Die Studie zeigt auch: Junge Männer sind generell anfälliger für Alkohol als junge Frauen, die wiederum öfter zu Medikamenten greifen. In den gewerblich-technischen Berufen – eine Männer-Domäne – trinken zum Beispiel fast 60 Prozent der Auszubildenden zu viel.

Ob und wie stark junge Leute über die Stränge schlagen, hängt auch von ihrer Schulbildung ab. So greifen 54 Prozent der Hauptschulabsolventen täglich zur Zigarette, aber lediglich 27 Prozent der Abi­turienten.

Unangemessener Drogenkonsum ist für die Betriebe mit vielen Problemen verbunden.
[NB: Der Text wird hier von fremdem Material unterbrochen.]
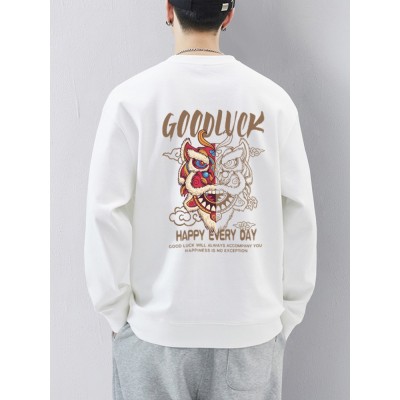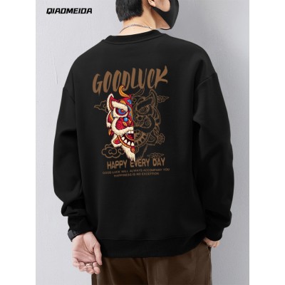 2025新款圆领卫衣男士国潮醒狮无帽上衣秋冬季春秋款舞狮港风潮牌

Neben krankheitsbedingten Fehlzeiten zählen dazu Schlampereien der Azubis, Terminversäumnisse und aggressives Verhalten. Das wiederum hat für die jungen Leute Konsequenzen – von schlechteren Noten in der Berufsschule über Abmahnungen bis hin zum Abbruch der Ausbildung.

Um das Drogenproblem in den Griff zu bekommen, braucht es ein gutes Verhältnis zwischen Ausbildern und Jugendlichen. Vertrauen und Gesprächsangebote sind genauso wichtig wie klare Regeln und Werte. Da der betriebliche Einfluss auf die jungen Leute jedoch begrenzt ist, gehört der verantwortungsvolle Umgang mit legalen Drogen auch in den Berufsschulunterricht.